» Data for this task:
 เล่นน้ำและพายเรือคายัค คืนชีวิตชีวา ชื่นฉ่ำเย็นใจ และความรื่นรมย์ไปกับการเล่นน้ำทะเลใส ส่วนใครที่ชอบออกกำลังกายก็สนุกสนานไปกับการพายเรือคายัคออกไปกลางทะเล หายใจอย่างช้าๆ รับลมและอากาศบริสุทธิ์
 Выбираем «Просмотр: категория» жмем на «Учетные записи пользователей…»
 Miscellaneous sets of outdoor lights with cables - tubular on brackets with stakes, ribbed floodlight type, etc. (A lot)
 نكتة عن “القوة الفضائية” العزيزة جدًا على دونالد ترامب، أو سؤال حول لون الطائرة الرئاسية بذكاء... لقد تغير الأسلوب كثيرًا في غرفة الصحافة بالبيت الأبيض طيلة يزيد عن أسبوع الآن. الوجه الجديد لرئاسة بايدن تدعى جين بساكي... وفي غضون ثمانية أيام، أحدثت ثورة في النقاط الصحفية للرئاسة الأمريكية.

--

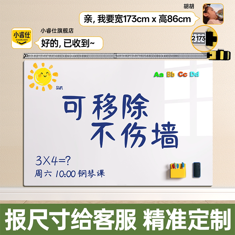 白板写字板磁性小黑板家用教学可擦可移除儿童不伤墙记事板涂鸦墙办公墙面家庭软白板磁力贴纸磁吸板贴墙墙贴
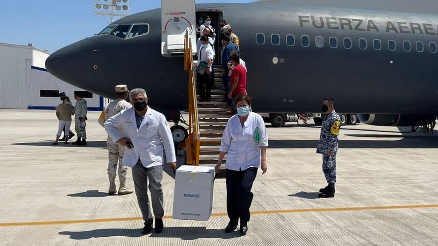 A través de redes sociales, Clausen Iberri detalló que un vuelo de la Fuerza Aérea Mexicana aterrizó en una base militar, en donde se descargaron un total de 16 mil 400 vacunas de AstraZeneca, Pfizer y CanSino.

* * *

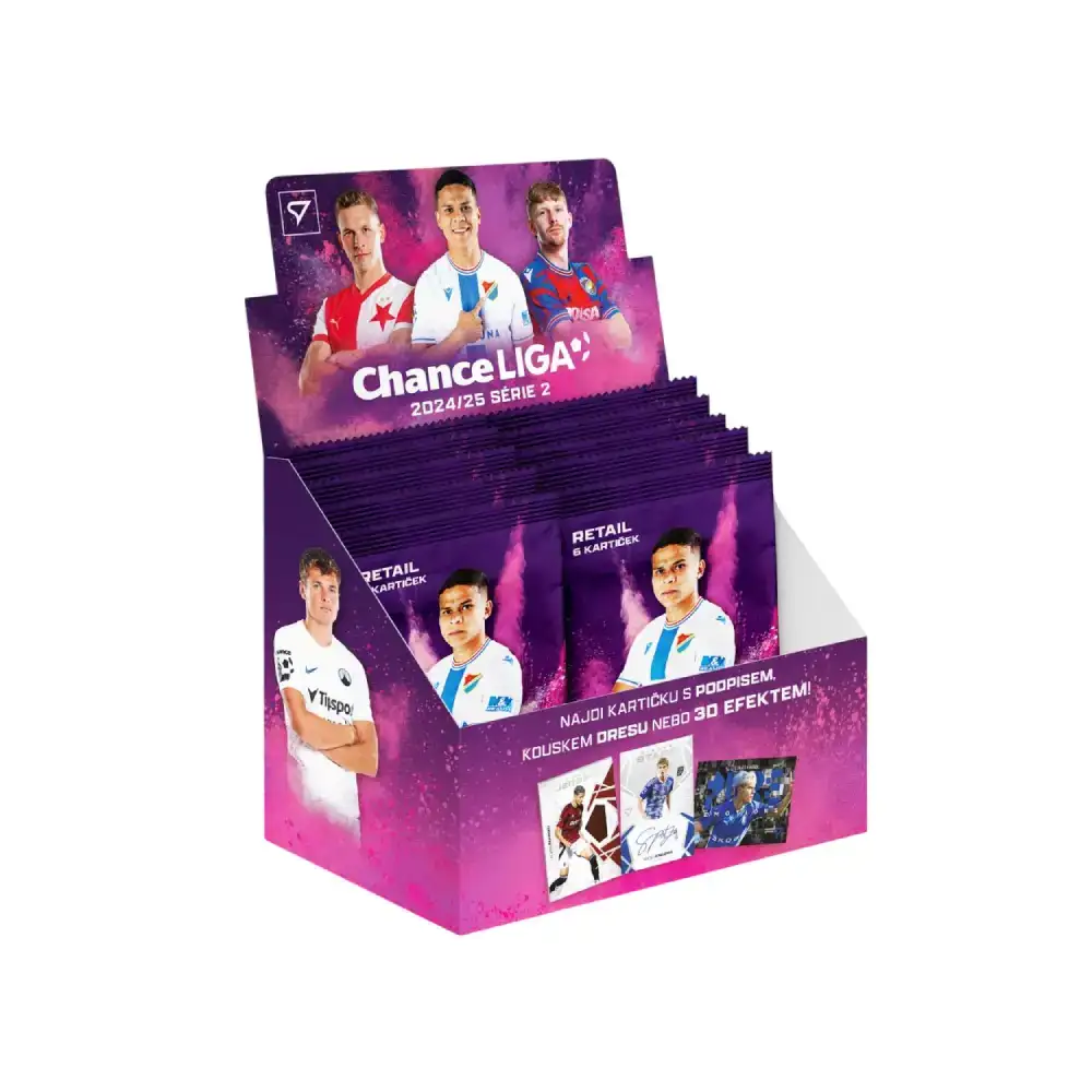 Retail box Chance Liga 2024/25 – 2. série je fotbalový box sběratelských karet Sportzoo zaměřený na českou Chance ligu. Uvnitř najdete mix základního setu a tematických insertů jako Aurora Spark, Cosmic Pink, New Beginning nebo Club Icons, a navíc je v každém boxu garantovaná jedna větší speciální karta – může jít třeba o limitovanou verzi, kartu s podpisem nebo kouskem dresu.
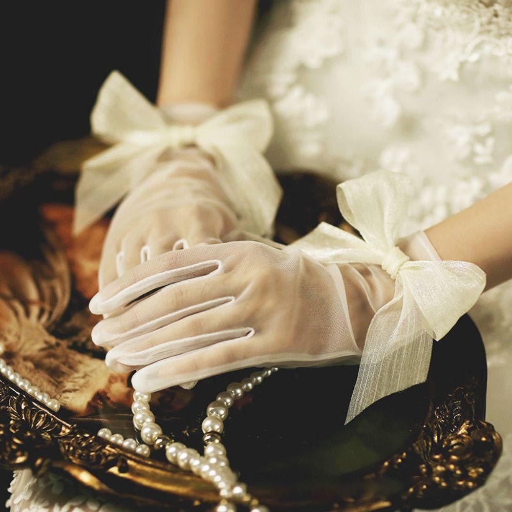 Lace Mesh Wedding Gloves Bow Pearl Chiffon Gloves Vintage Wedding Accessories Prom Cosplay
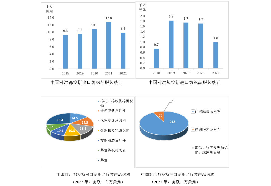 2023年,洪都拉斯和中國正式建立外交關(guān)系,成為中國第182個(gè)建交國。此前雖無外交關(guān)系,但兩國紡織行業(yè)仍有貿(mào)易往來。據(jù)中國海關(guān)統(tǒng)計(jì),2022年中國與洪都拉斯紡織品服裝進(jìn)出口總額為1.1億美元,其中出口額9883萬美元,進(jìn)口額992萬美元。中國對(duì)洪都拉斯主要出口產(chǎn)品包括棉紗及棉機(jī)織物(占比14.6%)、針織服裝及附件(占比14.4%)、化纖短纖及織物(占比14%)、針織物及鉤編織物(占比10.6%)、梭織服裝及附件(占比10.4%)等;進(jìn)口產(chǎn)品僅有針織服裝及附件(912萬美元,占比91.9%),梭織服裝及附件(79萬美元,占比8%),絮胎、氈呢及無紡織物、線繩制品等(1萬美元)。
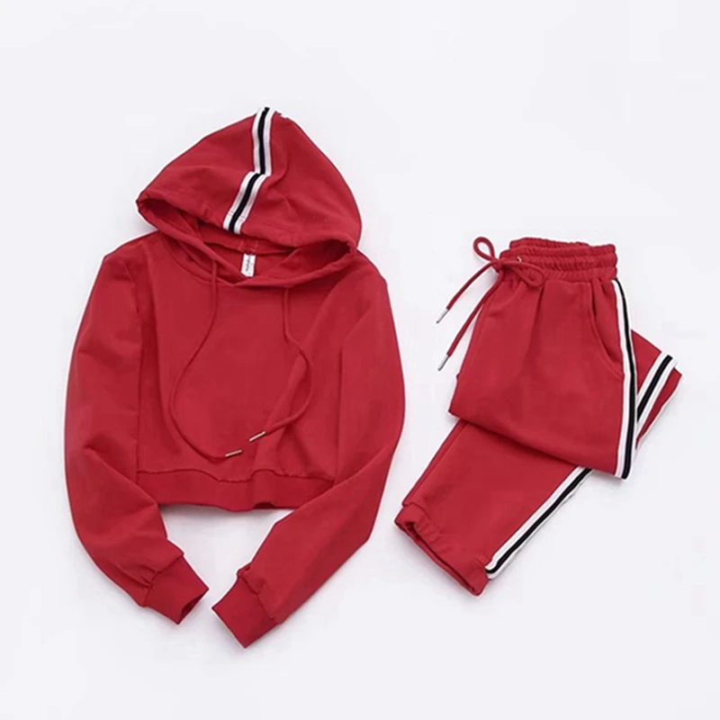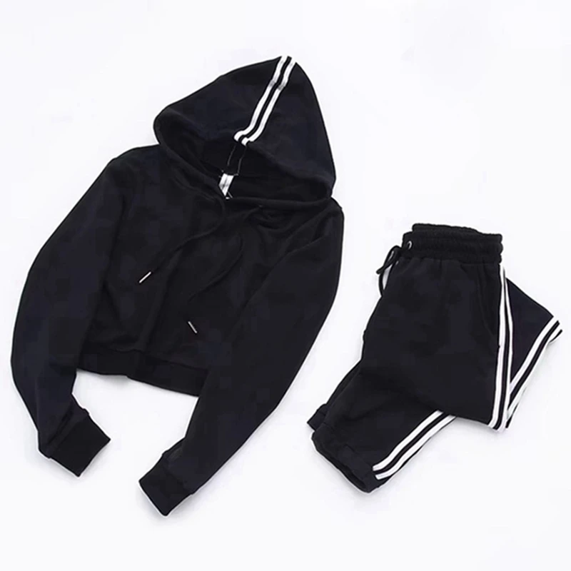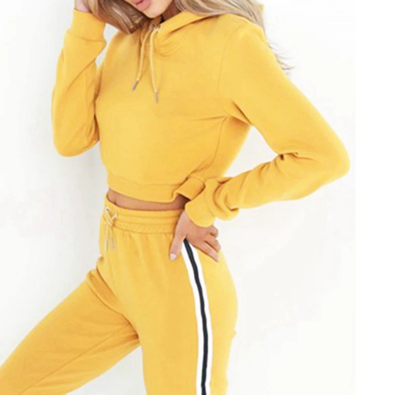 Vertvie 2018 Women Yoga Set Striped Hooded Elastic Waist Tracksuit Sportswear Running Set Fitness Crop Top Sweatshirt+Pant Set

» Problem to solve:
Starting at the line containing "Retail box Chance" and stopping at the line containing "2023年,洪都拉斯和中國正", output every line above exactly, both ends included, with pictures omitted.

» Completed exercise:
 Retail box Chance Liga 2024/25 – 2. série je fotbalový box sběratelských karet Sportzoo zaměřený na českou Chance ligu. Uvnitř najdete mix základního setu a tematických insertů jako Aurora Spark, Cosmic Pink, New Beginning nebo Club Icons, a navíc je v každém boxu garantovaná jedna větší speciální karta – může jít třeba o limitovanou verzi, kartu s podpisem nebo kouskem dresu.
 Lace Mesh Wedding Gloves Bow Pearl Chiffon Gloves Vintage Wedding Accessories Prom Cosplay
 2023年,洪都拉斯和中國正式建立外交關(guān)系,成為中國第182個(gè)建交國。此前雖無外交關(guān)系,但兩國紡織行業(yè)仍有貿(mào)易往來。據(jù)中國海關(guān)統(tǒng)計(jì),2022年中國與洪都拉斯紡織品服裝進(jìn)出口總額為1.1億美元,其中出口額9883萬美元,進(jìn)口額992萬美元。中國對(duì)洪都拉斯主要出口產(chǎn)品包括棉紗及棉機(jī)織物(占比14.6%)、針織服裝及附件(占比14.4%)、化纖短纖及織物(占比14%)、針織物及鉤編織物(占比10.6%)、梭織服裝及附件(占比10.4%)等;進(jìn)口產(chǎn)品僅有針織服裝及附件(912萬美元,占比91.9%),梭織服裝及附件(79萬美元,占比8%),絮胎、氈呢及無紡織物、線繩制品等(1萬美元)。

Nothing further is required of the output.